- **Supplied material**:
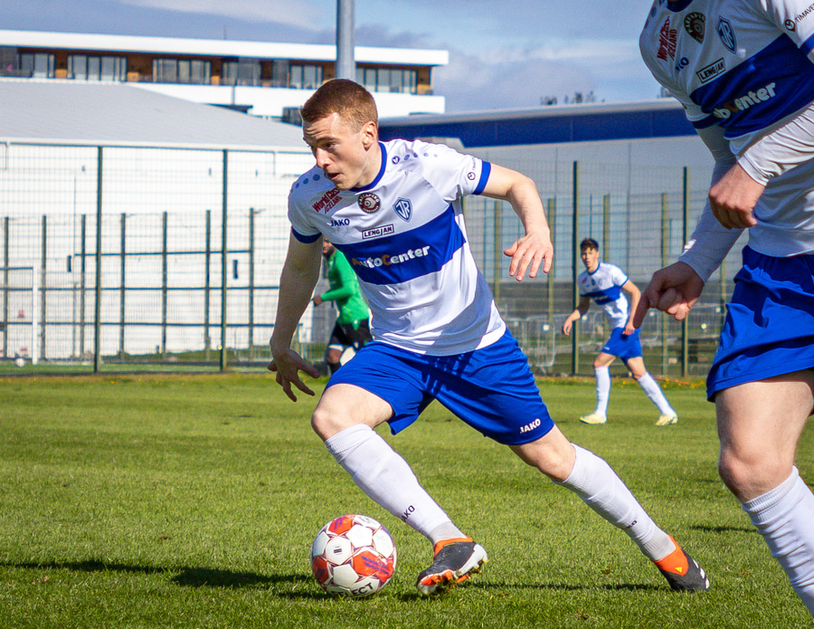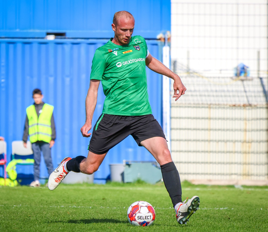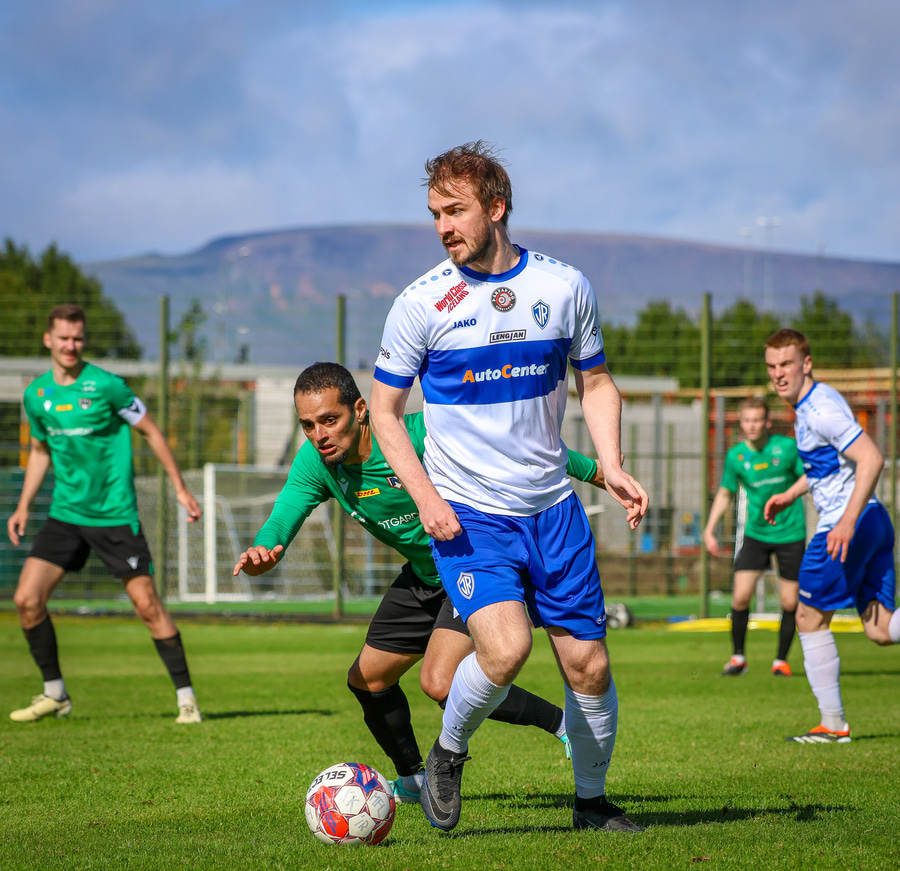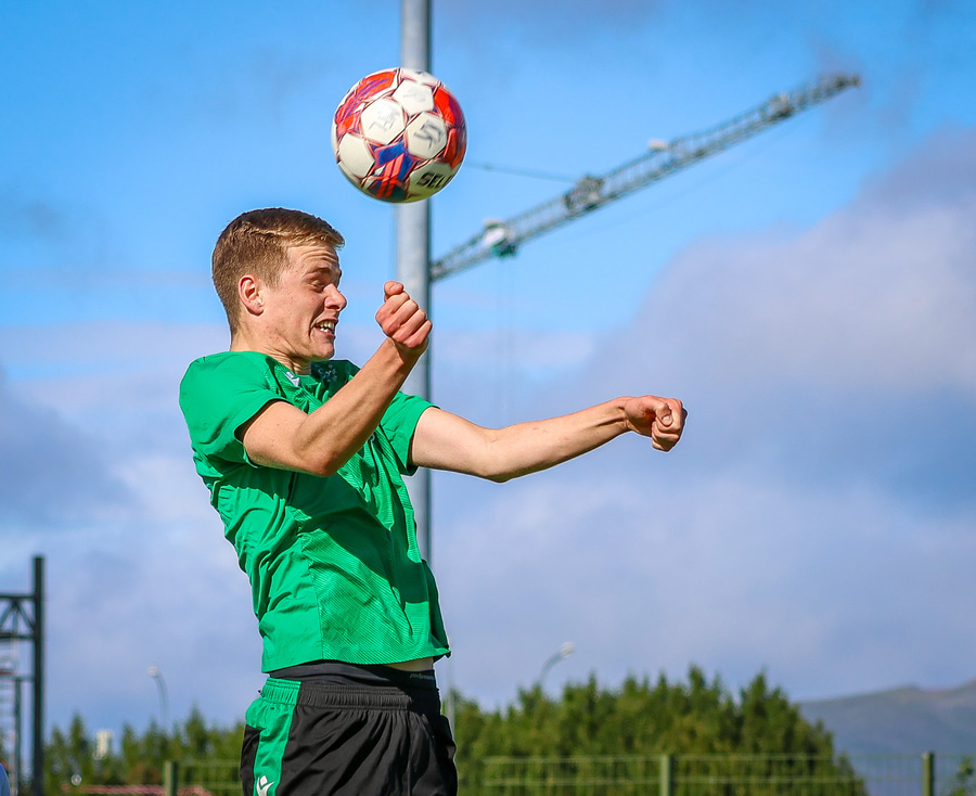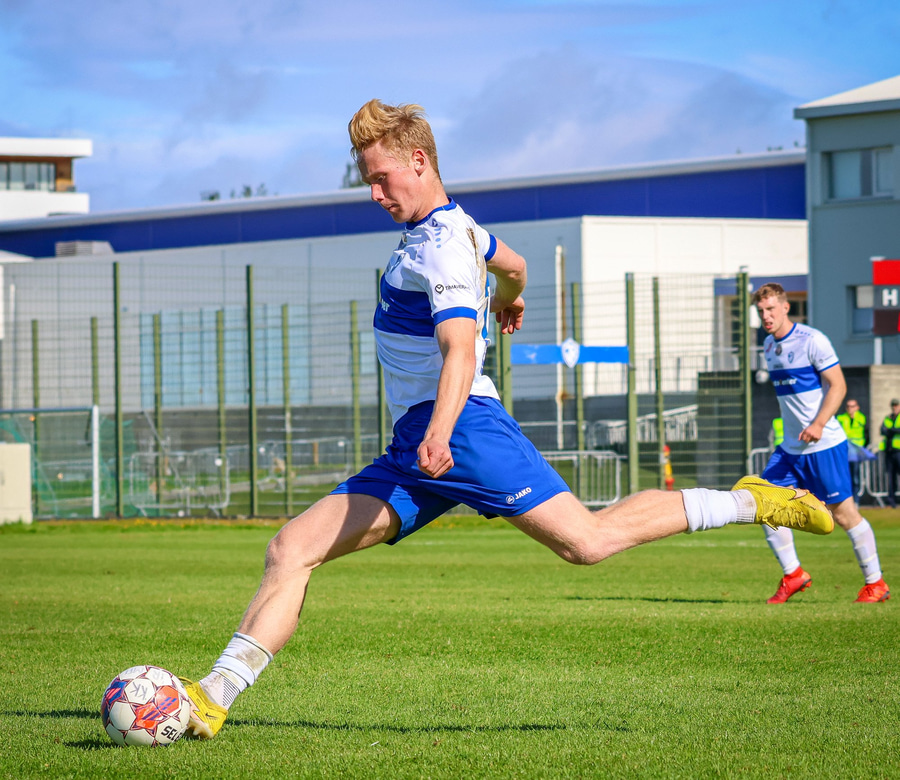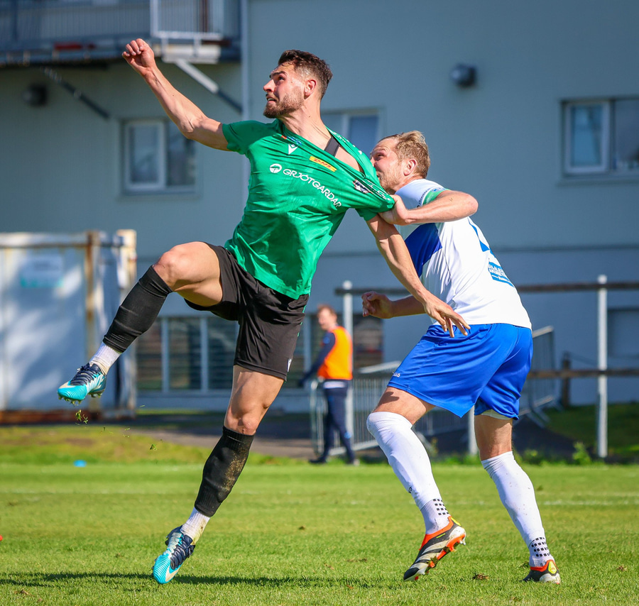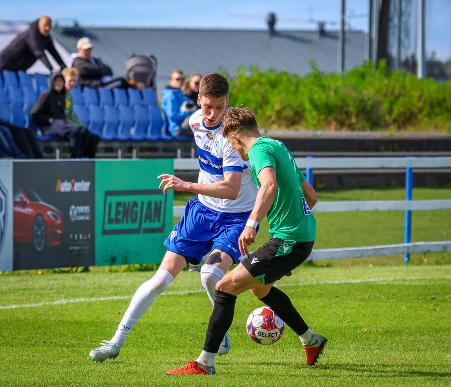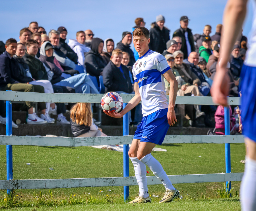 Kenneth á fyrirgjöf af hægri kantinum sem Dominik reynir að kasta sér fyrir en hann rétt missir af botlanum.
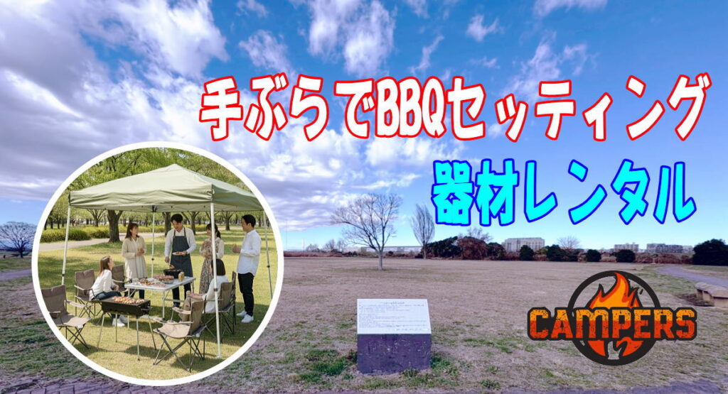 約60万㎡の広々とした荒川戸田橋緑地なら、きっと開放的なBBQを楽しむことができることでしょう!都心部からのアクセスも良いので、電車でも気軽に来られる場所です。こちらのスポットへもBBQ器材のセッティング、配達、レンタル承っております。
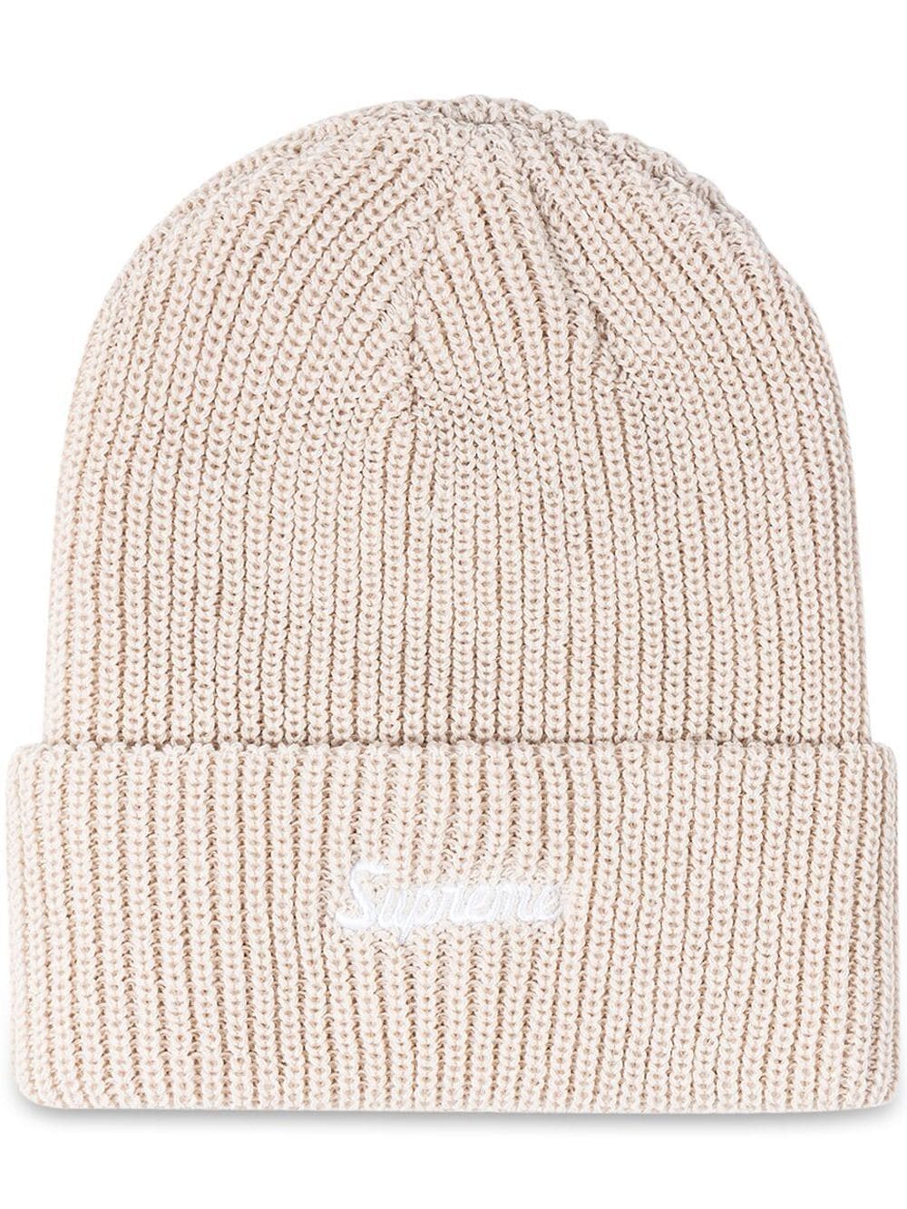 Supreme's loose gauge beanie is back - this time, in a beige colour. The accessory features a minimal design, crafted from cotton, enhanced with a white embroidered logo on the front.
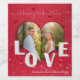 Lovely Valentine's Day illustration featuring a luxury red elegant glitter background, highlighted with sparkling stars and heart bokeh decorated with 3d LOVE letters and modern typography script "Happy Valentines". Easily to change the sample photo with your own one.
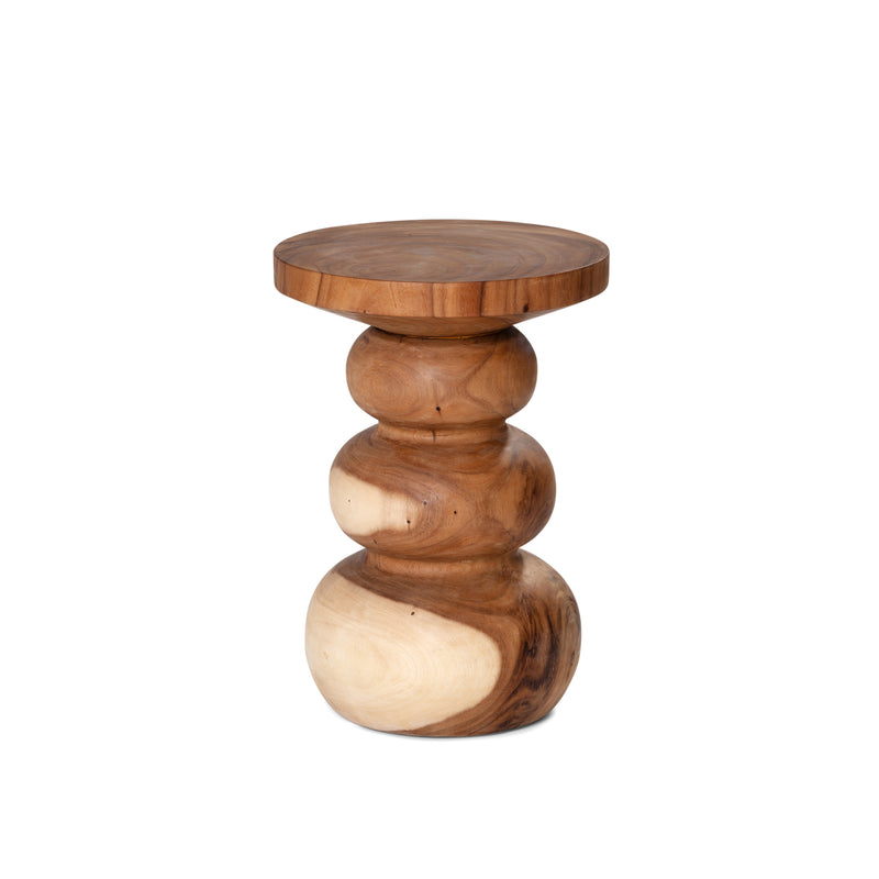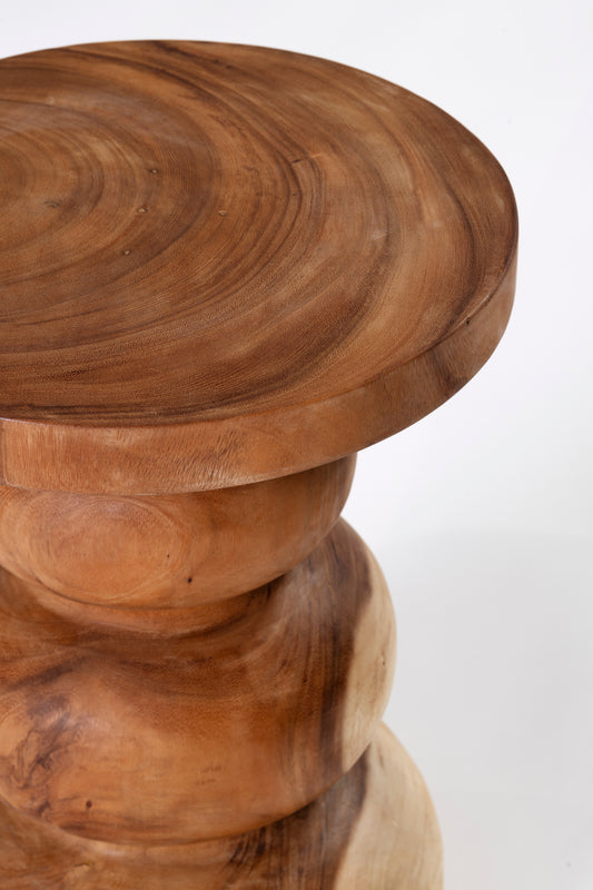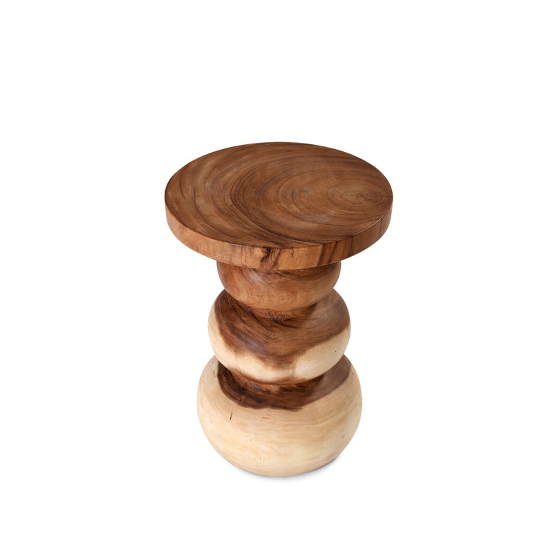 Layered ball stool constructed from raw meh wood. This hardwood stool is highly durable. Colours/finishes between items may vary and some slightly cracking can occur, due to the natural nature of the timber.

- **Required work**: Only lines go in the copy, not pictures. Transcribe exactly from the start of the listing through the line containing "約60万㎡の広々とした荒川戸".

- **The completed task**:
 Kenneth á fyrirgjöf af hægri kantinum sem Dominik reynir að kasta sér fyrir en hann rétt missir af botlanum.
 約60万㎡の広々とした荒川戸田橋緑地なら、きっと開放的なBBQを楽しむことができることでしょう!都心部からのアクセスも良いので、電車でも気軽に来られる場所です。こちらのスポットへもBBQ器材のセッティング、配達、レンタル承っております。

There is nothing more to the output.